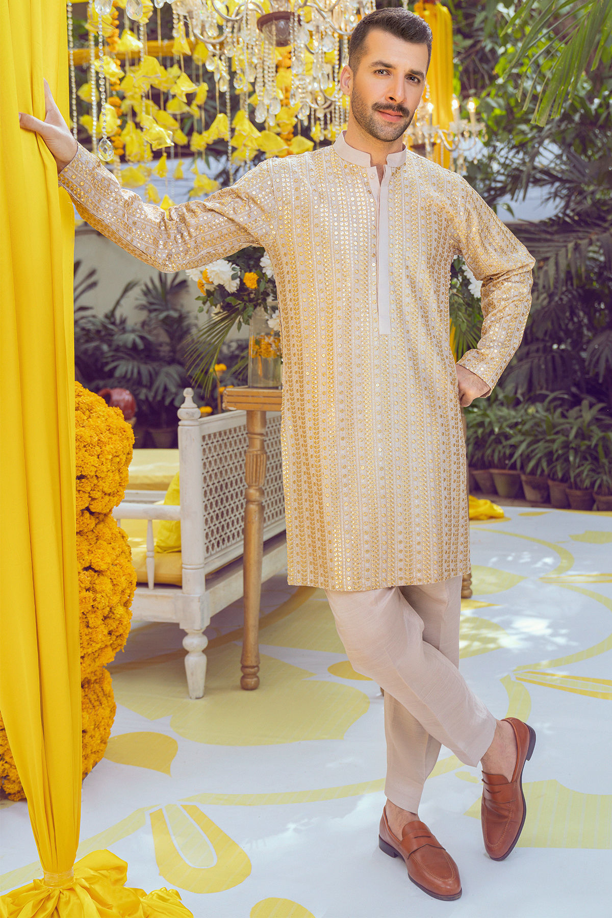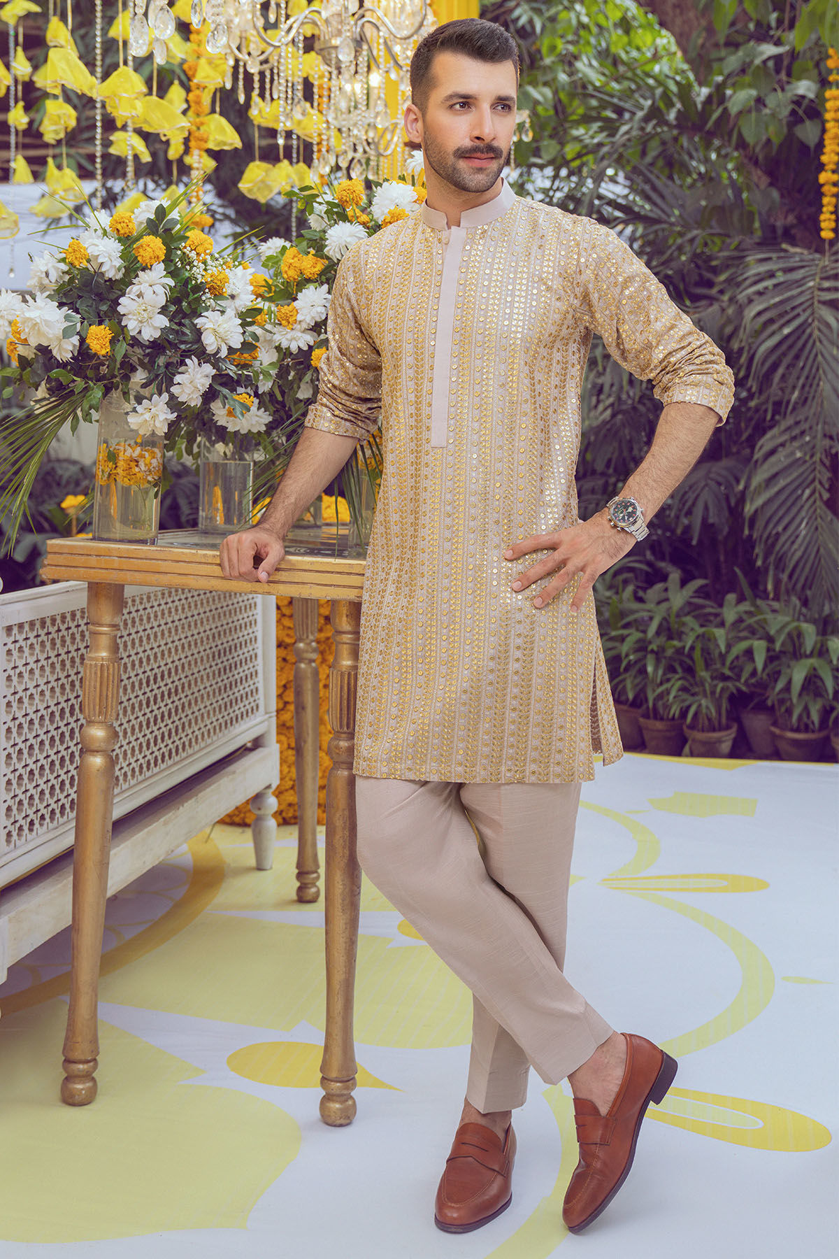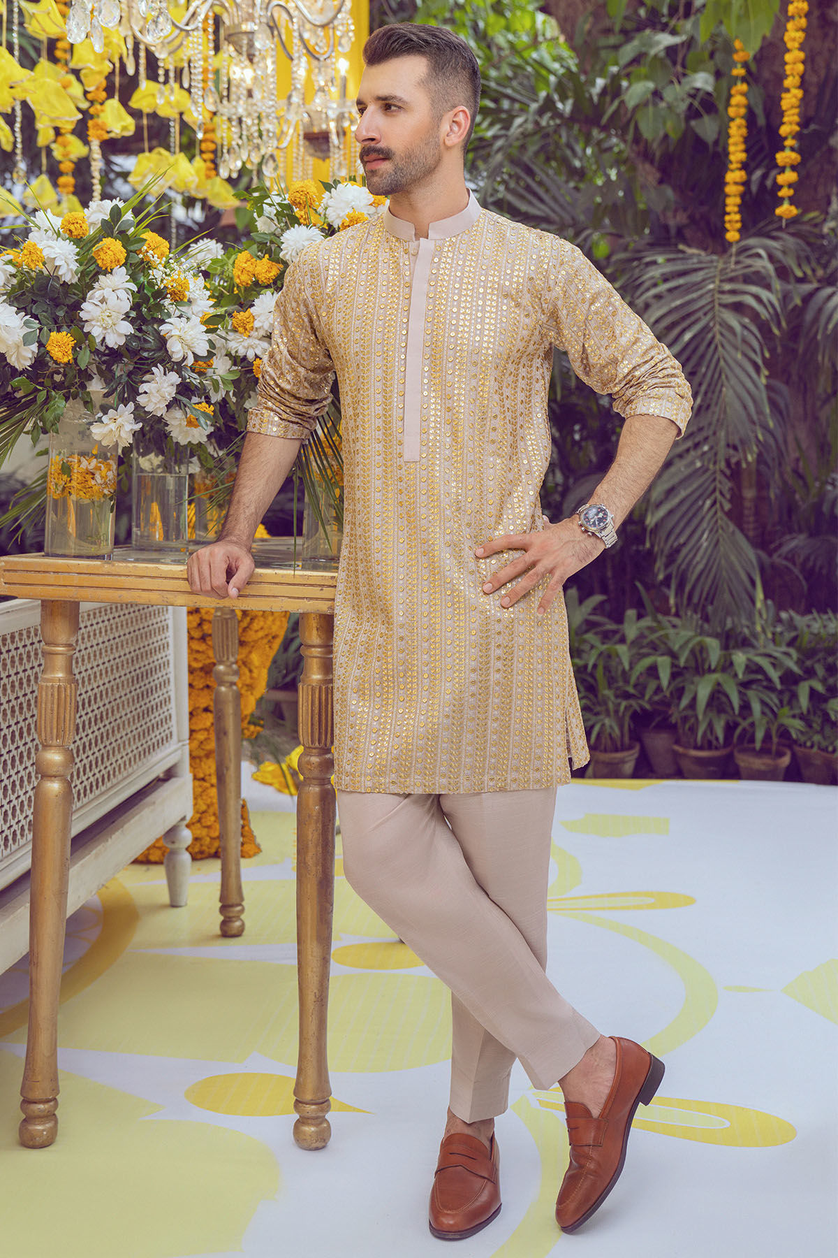 Short length kurta on raw silk canvas in subtle sand shade featuring zari and sequins details on front back and sleeves. The kurta is paired with straight raw silk matching pants.
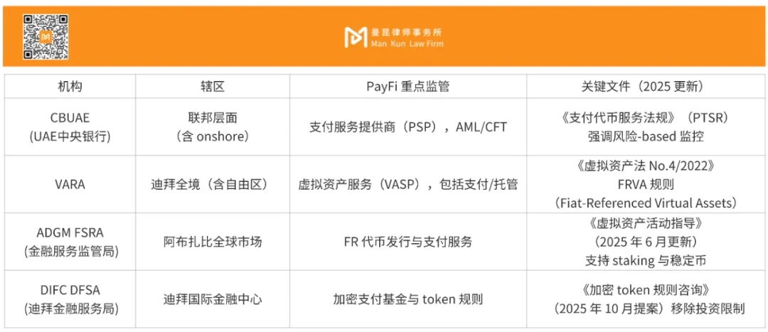UAE的PayFi业务监管呈 “分而治之” 格局,四大支柱各司其职:
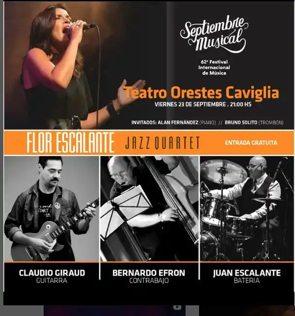 “Haremos repertorio de George Gershwin y Thelonious Monk; clásicos como ‘On a sunny side of the street’, de Jimmy Mchugh, versionado por nosotros. Y también ‘St Louise Blues’, de M.C Handy con arreglo propio de Juan Manuel Escalante; ‘Bossa nova’, de Ivan Lins, y ‘Samba de viao’, de Tom Jobim”, anticipa Florencia Escalante, la voz del cuarteto de jazz homónimo, junto a las trayectorias de Juan Manuel Escalante (batería y voz), Claudio Giraud (guitarra) y Bernardo Efron (contrabajo). Tocarán como invitados Alan Fernández en piano y Bruno Solito en trombón. La invitación es para hoy, a las 21, en el teatro Orestes Caviglia (San Martín 251) en el Septiembre Musical, y con entrada libre y gratuita.

### Activity
Could you output the entire listing verbatim while omitting its pictures?

### Answer
 Short length kurta on raw silk canvas in subtle sand shade featuring zari and sequins details on front back and sleeves. The kurta is paired with straight raw silk matching pants.
UAE的PayFi业务监管呈 “分而治之” 格局,四大支柱各司其职:
 “Haremos repertorio de George Gershwin y Thelonious Monk; clásicos como ‘On a sunny side of the street’, de Jimmy Mchugh, versionado por nosotros. Y también ‘St Louise Blues’, de M.C Handy con arreglo propio de Juan Manuel Escalante; ‘Bossa nova’, de Ivan Lins, y ‘Samba de viao’, de Tom Jobim”, anticipa Florencia Escalante, la voz del cuarteto de jazz homónimo, junto a las trayectorias de Juan Manuel Escalante (batería y voz), Claudio Giraud (guitarra) y Bernardo Efron (contrabajo). Tocarán como invitados Alan Fernández en piano y Bruno Solito en trombón. La invitación es para hoy, a las 21, en el teatro Orestes Caviglia (San Martín 251) en el Septiembre Musical, y con entrada libre y gratuita.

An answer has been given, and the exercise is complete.